[Requirement] Reproduce all the data exactly, without pictures.

BEGIN

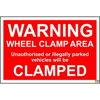 Wheel Clamp Area Unauthorised Illegally Parked Vehicles Clamped Sign 1.2mm rigid plastic 300mm x 200mm Digitally printed and laminated for extra durabillity Drill and screw in position or use double sided tape to mount onto suitable surface.
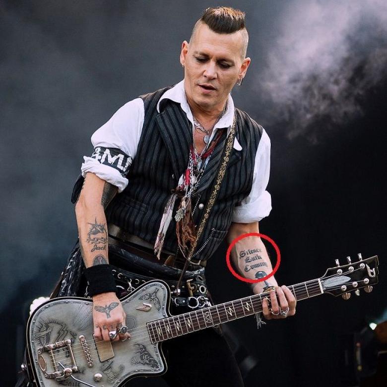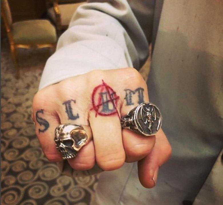 Quand il a commencé à sortir avec Amber Heard, Johnny s'est fait tatouer le mot "SLIM" sur les doigts. Par ce mot, il dénote la fragilité de sa bien-aimée. Puis une rupture a suivi et le mot a été remplacé par "SCUM". C'est-à-dire qu'il a trouvé la relation avec elle, ou elle-même, répugnante. Le changement ne s'est pas arrêté là. En modifiant légèrement la deuxième variante, nous avons obtenu le mot SCAM. Cela s'avère déjà être une tricherie.
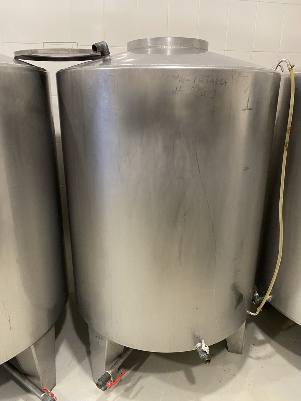 Объем — 1 куб.м., емкости нержавеющие (форфас), вертикальные, инв 4342
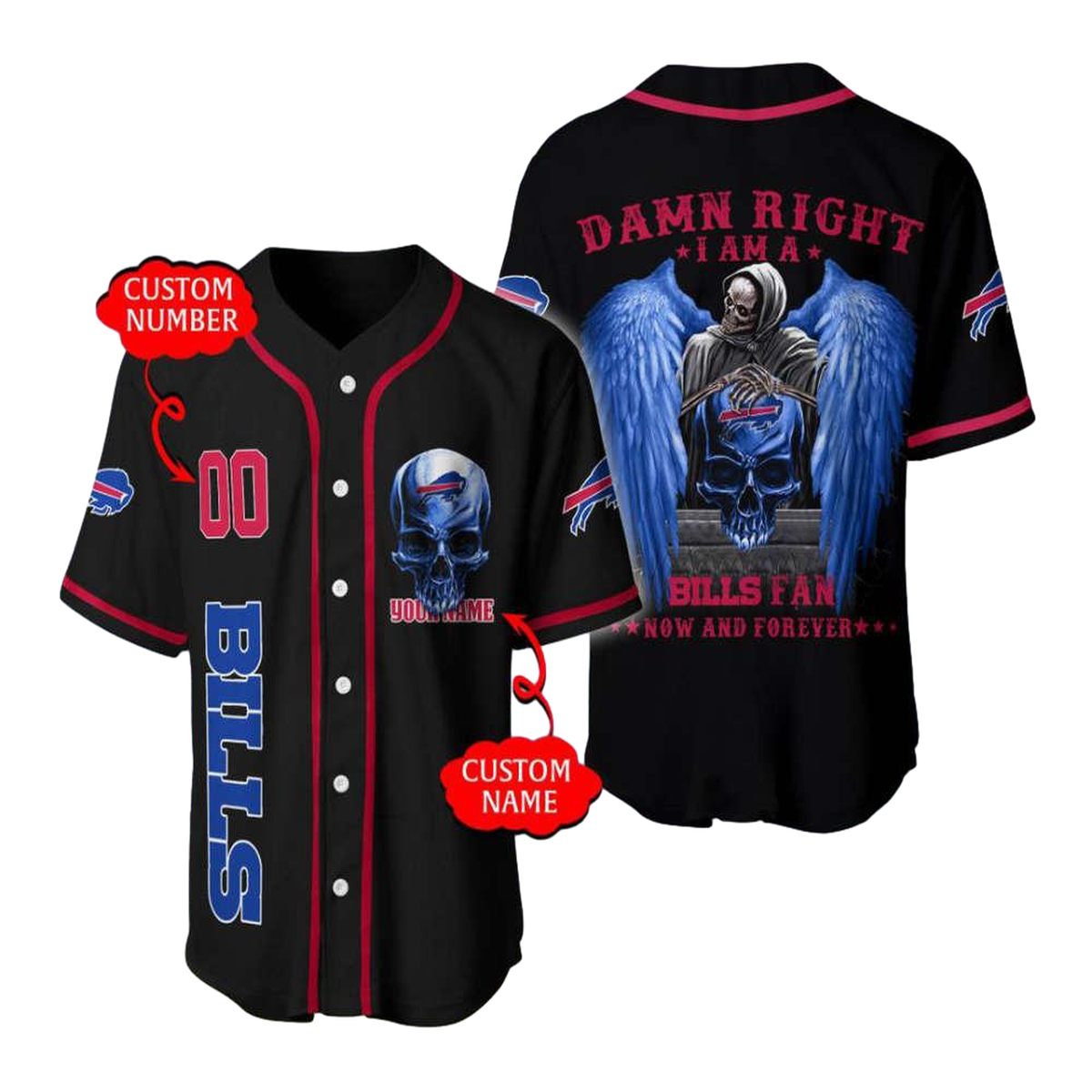 Show your team spirit and make a bold statement with our Personalized Buffalo Bills Damn Right Skull Angel Baseball Jersey. Whether you’re cheering from the stands or hanging out with friends, this jersey is designed to elevate your sporty style while keeping you comfortable and looking great.
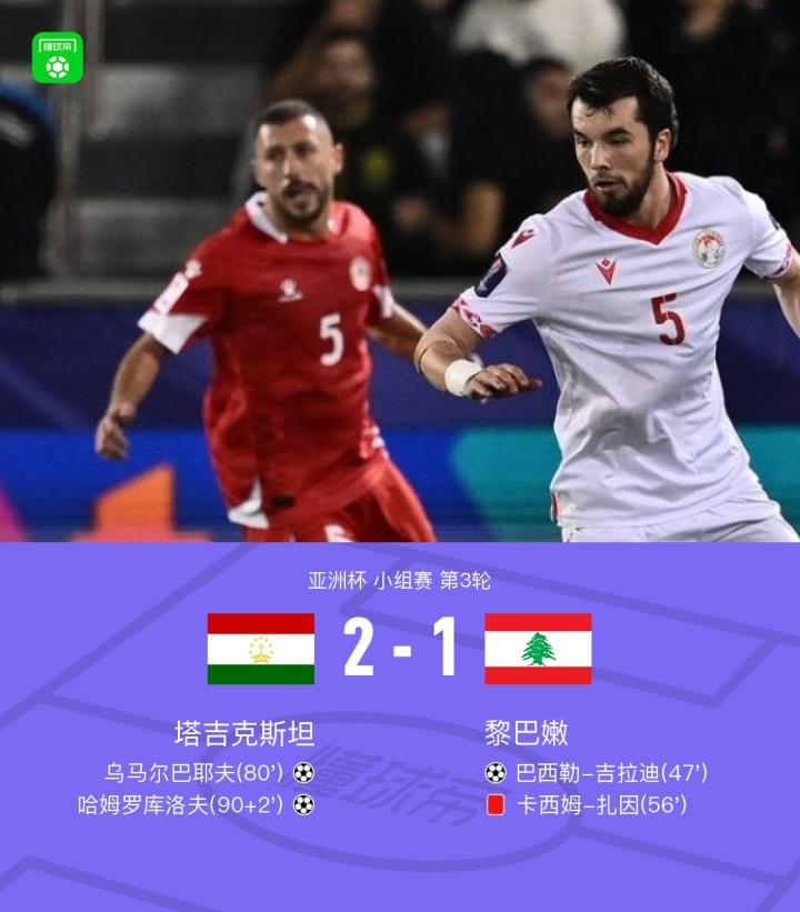 北京时间1月22日亚洲杯 小组赛 第3轮,塔吉克斯坦对阵黎巴嫩。下半场巴西勒-吉拉迪世界波破门,随后卡西姆扎因犯规染红,黎巴嫩以10人应战,之后乌马尔巴耶夫任意球破门扳平比分,补时阶段哈姆罗库洛夫头球破门帮助塔吉克斯坦完成逆转。最终塔吉克斯坦2-1逆转十人黎巴嫩成功出线,黎巴嫩垫底出局。

END

[Response below]
 Wheel Clamp Area Unauthorised Illegally Parked Vehicles Clamped Sign 1.2mm rigid plastic 300mm x 200mm Digitally printed and laminated for extra durabillity Drill and screw in position or use double sided tape to mount onto suitable surface.
 Quand il a commencé à sortir avec Amber Heard, Johnny s'est fait tatouer le mot "SLIM" sur les doigts. Par ce mot, il dénote la fragilité de sa bien-aimée. Puis une rupture a suivi et le mot a été remplacé par "SCUM". C'est-à-dire qu'il a trouvé la relation avec elle, ou elle-même, répugnante. Le changement ne s'est pas arrêté là. En modifiant légèrement la deuxième variante, nous avons obtenu le mot SCAM. Cela s'avère déjà être une tricherie.
 Объем — 1 куб.м., емкости нержавеющие (форфас), вертикальные, инв 4342
 Show your team spirit and make a bold statement with our Personalized Buffalo Bills Damn Right Skull Angel Baseball Jersey. Whether you’re cheering from the stands or hanging out with friends, this jersey is designed to elevate your sporty style while keeping you comfortable and looking great.
 北京时间1月22日亚洲杯 小组赛 第3轮,塔吉克斯坦对阵黎巴嫩。下半场巴西勒-吉拉迪世界波破门,随后卡西姆扎因犯规染红,黎巴嫩以10人应战,之后乌马尔巴耶夫任意球破门扳平比分,补时阶段哈姆罗库洛夫头球破门帮助塔吉克斯坦完成逆转。最终塔吉克斯坦2-1逆转十人黎巴嫩成功出线,黎巴嫩垫底出局。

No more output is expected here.